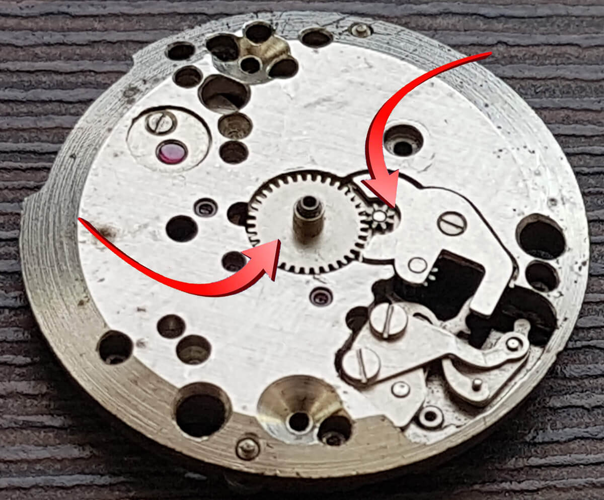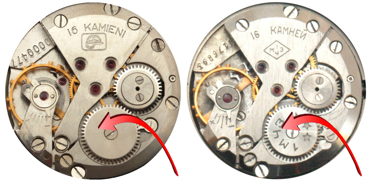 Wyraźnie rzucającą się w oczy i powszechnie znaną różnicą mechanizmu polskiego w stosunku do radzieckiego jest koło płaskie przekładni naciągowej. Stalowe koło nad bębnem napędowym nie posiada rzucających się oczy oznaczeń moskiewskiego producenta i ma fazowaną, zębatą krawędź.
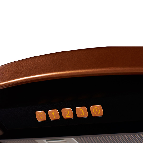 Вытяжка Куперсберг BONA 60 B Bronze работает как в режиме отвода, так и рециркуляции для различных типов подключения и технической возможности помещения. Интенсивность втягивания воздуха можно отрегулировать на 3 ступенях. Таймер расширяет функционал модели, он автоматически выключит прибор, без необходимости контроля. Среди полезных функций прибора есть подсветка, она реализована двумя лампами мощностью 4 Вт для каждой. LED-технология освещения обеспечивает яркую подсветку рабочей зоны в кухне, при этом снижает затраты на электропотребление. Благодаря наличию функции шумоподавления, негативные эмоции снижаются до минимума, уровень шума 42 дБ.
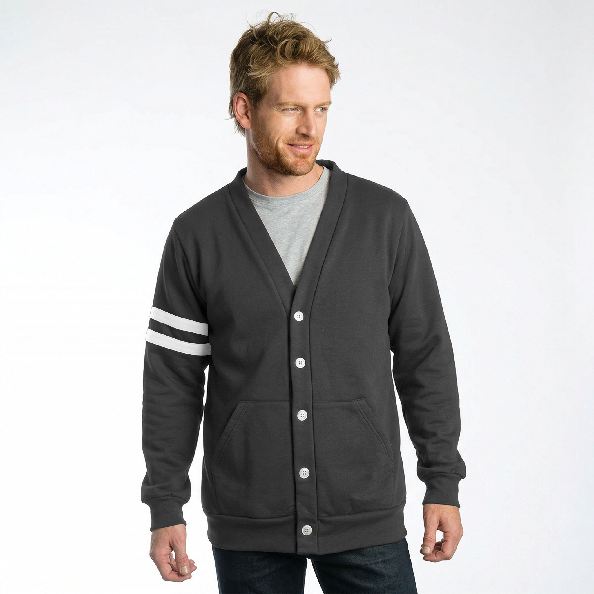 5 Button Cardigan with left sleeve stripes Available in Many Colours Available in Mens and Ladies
******
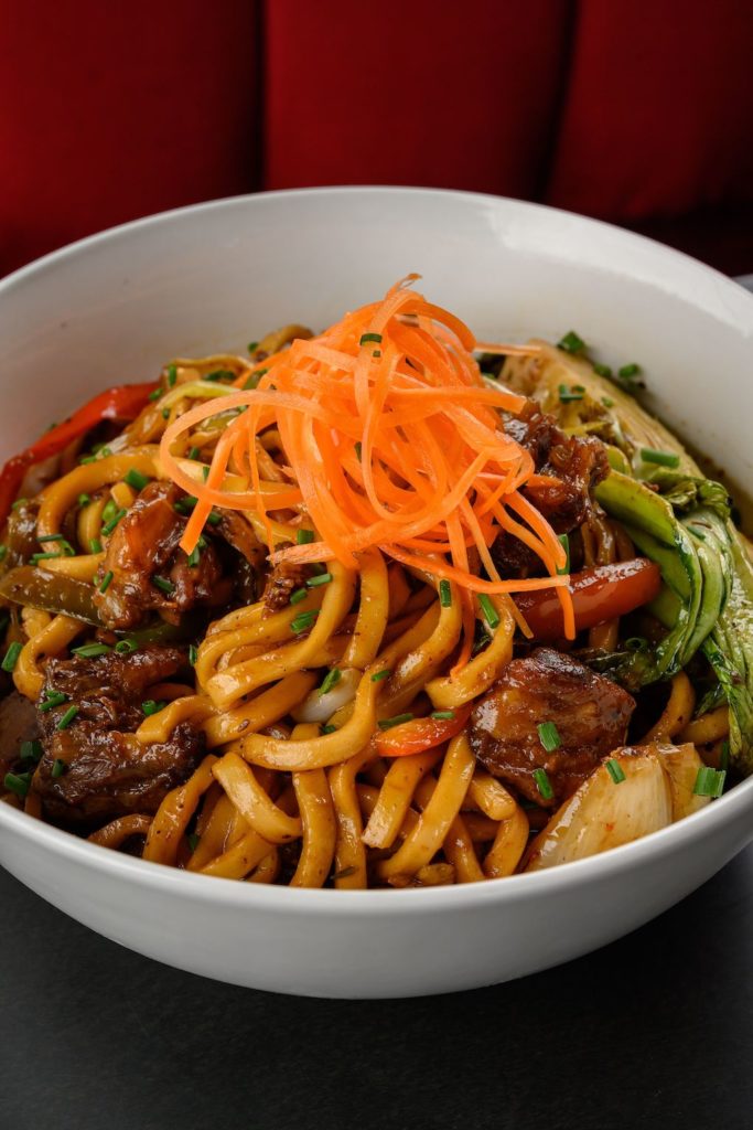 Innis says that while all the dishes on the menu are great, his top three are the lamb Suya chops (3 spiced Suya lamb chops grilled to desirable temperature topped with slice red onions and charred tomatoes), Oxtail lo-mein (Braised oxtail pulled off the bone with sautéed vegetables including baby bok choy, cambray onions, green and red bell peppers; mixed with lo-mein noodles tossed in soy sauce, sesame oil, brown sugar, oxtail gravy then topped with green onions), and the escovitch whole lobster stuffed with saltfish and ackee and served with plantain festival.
******
**EXERCISE REQUIREMENTS**
Look above for the line with "Вытяжка Куперсберг BONA" and the line with "5 Button Cardigan". Copy them and every line between, exactly, but no pictures.

**TASK RESULT**
 Вытяжка Куперсберг BONA 60 B Bronze работает как в режиме отвода, так и рециркуляции для различных типов подключения и технической возможности помещения. Интенсивность втягивания воздуха можно отрегулировать на 3 ступенях. Таймер расширяет функционал модели, он автоматически выключит прибор, без необходимости контроля. Среди полезных функций прибора есть подсветка, она реализована двумя лампами мощностью 4 Вт для каждой. LED-технология освещения обеспечивает яркую подсветку рабочей зоны в кухне, при этом снижает затраты на электропотребление. Благодаря наличию функции шумоподавления, негативные эмоции снижаются до минимума, уровень шума 42 дБ.
 5 Button Cardigan with left sleeve stripes Available in Many Colours Available in Mens and Ladies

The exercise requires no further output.